As with many industries, the move is towards harnessing the power of the cellphone. In the South African security market this is leading to innovation in two areas: personal safety and response to the cellphone, and management of security technology from a cellphone, both of which are supported by a 24-hour monitoring station and responded to by armed personnel.
Clarkson says while there are a number of different emergency apps available for cellphones, many of which are free, there remains a question around the effectiveness of a cellphone emergency button sending an alert to nominated contacts, with no professionally coordinated armed response to the user.
“The Fidelity ADT FindU app is a multi-feature emergency button app for smartphones linked to a 24-hour monitoring station and a national footprint of armed response resources. The app can be activated by pressing the panic button, or by shaking the cellphone. The cellphone then emits an audio siren, flashing strobe and records a video at the time of the event. The footage and the phone’s coordinates are sent to the monitoring centre, which then calls the phone and facilitates a response,” he explains.
Home alarms, which form the first layer of electronic security for many South Africans, have also recently taken steps towards the mobile device technology trend. As one manufacturer described it: “The keypad is moving to your cellphone.”

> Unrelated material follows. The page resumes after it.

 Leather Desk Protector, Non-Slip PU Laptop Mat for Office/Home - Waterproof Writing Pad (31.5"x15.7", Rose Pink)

“Alarm systems can now be armed and disarmed and zones bypassed. In more sophisticated solutions, in-home and external video cameras can also be viewed, and even lights and switches can be operated from the phone, wherever you are and whenever you choose,” says Clarkson. On some platforms, security scenarios can be programmed to only send alerts on exceptions.

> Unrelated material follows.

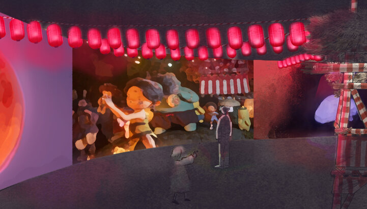 会場には、壁面と特製の手漉き和紙スクリーンに映像を投影。作品の世界を全身で感じられる臨場感を再現します。 また、和紙と竹ひごでつくられた提灯が、会場のあちこちを照らします。物語に出てくる戻り橋や灯籠、祭りやぐらを再現展示するほか、会場の随所には、日本全国から蒐集された鬼や妖怪のお面、大きな凧が展示されます。日本の古き良きものづくりや質感と作品の映像美とが渾然一体となり、まるで異空間へトリップしたような体験となります。

“In many parts of the world self-monitoring of these apps is the norm. Due to the high crime risk in the country, the South African market still requires monitoring of these apps through a security industry-accredited and compliant central monitoring station, with armed response. Fidelity ADT has solutions in this space called Secure Home and Secure Connect. Consumers need to be cautious when looking at technology solutions off the shelf that do not have the facility to be monitored by control rooms, and responded to by armed response service providers,” Clarkson adds.

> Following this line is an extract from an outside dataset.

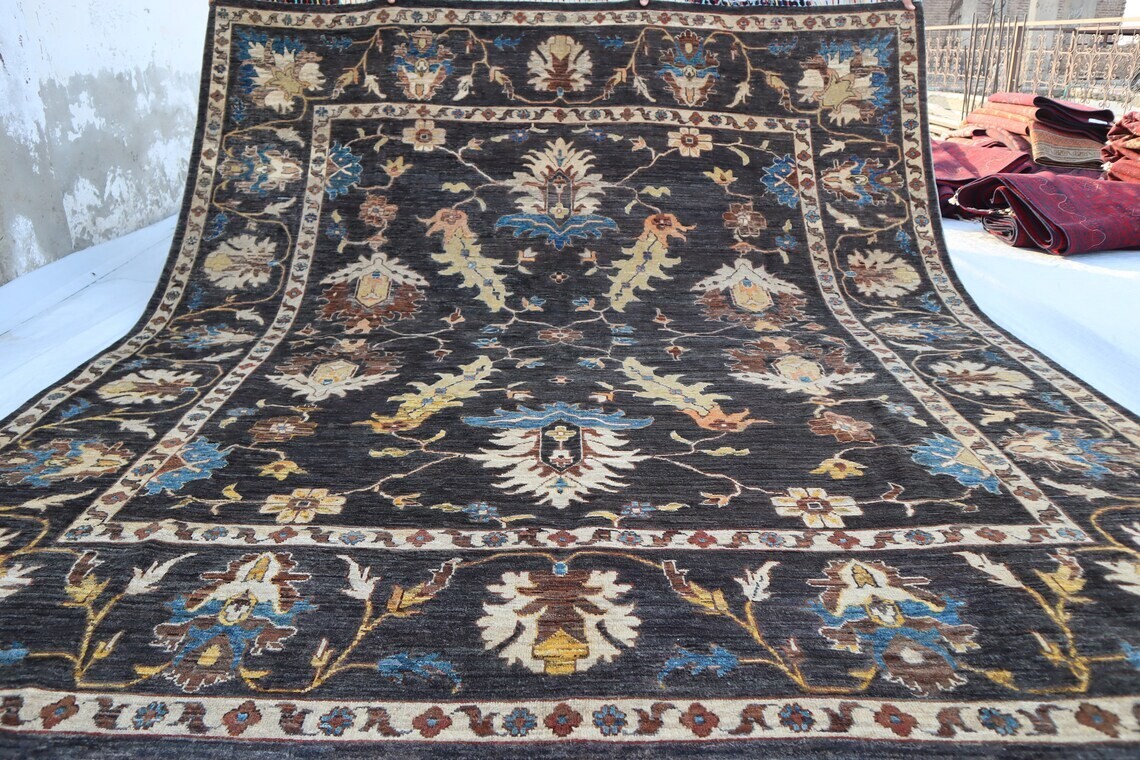 Elevate your space with this exquisite hand-knotted wool carpet, featuring a timeless traditional oriental design. The rich black base is adorned with intricate floral and geometric patterns in shades of blue, beige, and brown, making it a perfect statement piece for any living room, bedroom, or office. Key Features: ✔ Oushak Rug ➤Completely new area rug ➤100% hand-knotted and hand finished ➤Due to the hand-made nature of the rug, size may vary by 2 to 3 inches. Please let me know your requirements in case a specific measurement is required. ➤ Uses the old traditional techniques and designs of the migrated masters of the Orient ➤One of a kind incredible design and color palette ➤ High-Quality Natural Wool ➤ Has a very rich and soft pile ➤ Dyed with natural colors ➤ At no point chemicals, colors, or processes were used in making this rug ➤ Multiple sizes are available, some for immediate delivery and others made-to-order. ➤ Make-to-order rugs take about 30–40 days ➤Free, expedited shipping everywhere ✔ Perfect for Traditional & Modern Interiors Care Instructions: Vacuum regularly to maintain its appearance. Spot clean with a mild detergent or seek professional cleaning for best results. Add sophistication and warmth to your home with this luxurious hand-knotted wool carpet. Fast shipping and secure packaging guaranteed. Feel free to message for additional details or custom inquiries. All Carpets in My Store are Made up of 100% wool, this exquisite hand Knotted rug is durable with a gentle feel. A medium-thick pile in contrasting heights adds delightful decorative complexity, while still maintaining softness & warmness underfoot. The defining details of this rug are sure to make it a conversation piece and an icon of your household. It is a joy to step out of bed in the morning onto these rugs and also perfect for rolling out in a calming nursery or a delightful playroom. Material used:- WOOL AND COTTON PLEASE NOTE:- The images we display have the most accurate color possible. Due to differences in computer monitors, we cannot be responsible for variations in color between the actual product and your screen. Please be advised that in some cases patterns and colors may vary according to size Feedback 1. We depend on our customer satisfaction to succeed. therefore, your feedback is extremely important to us. 2. If you are satisfied with our service, please leave positive feedback to us. thank you! 3. Contact us before leaving any negative or neutral feedback, we will try our best to solve any problems. Terms 1. We will check all the product before shipping to you. 2. If the item is defective, please contact us at once, we will send a solution the first time. 3. Any import charges or fees are the buyer's responsibility. 4. Please check out your ADDRESS carefully when processing an order. 5. Feel free to contact us with any question or query, and any other things like for bulk orders or any custom order we will offer you a satisfying answer. Shipping: All items will ship promptly after payment has cleared Payneer. Please provide the correct and updated address and Contact Number for shipping. Usually takes 5-15 business days for the delivery. Note :- We offer Free Shipping All Across The World. Thanks for Visiting UK HOME FURNISHING

South Africans generally understand that security needs to be layered around their properties and lives. In simple terms, this extends from physical security (like fences, gates and burglar bars), to indoor electronic solutions (like alarm systems with PIRs and door contacts), and external detection devices like beams for early warning.
The next layer beyond this is environmental (neighbourhood) security that includes community CCTV solutions, and more recently licence plate recognition technology that reads vehicle licence plates and has the ability to run the number against databases of suspicious vehicles.
“This upstream approach is aimed at preventing a crime through triggering alerts when the threat is identified in the suburb before an incident can take place. The CCTV systems alone provide limited service, and once again it is the central monitoring centre receiving the alert and acting appropriately to security resources on the ground that offers real value to residents.
“Fidelity ADT has over 100 cameras in neighbourhoods across South Africa, in partnership with those communities to assist in reducing crime. The recent expansion of Fibre to The Home (FTTH) will also significantly increase the population and reach of these schemes,” Clarkson concludes.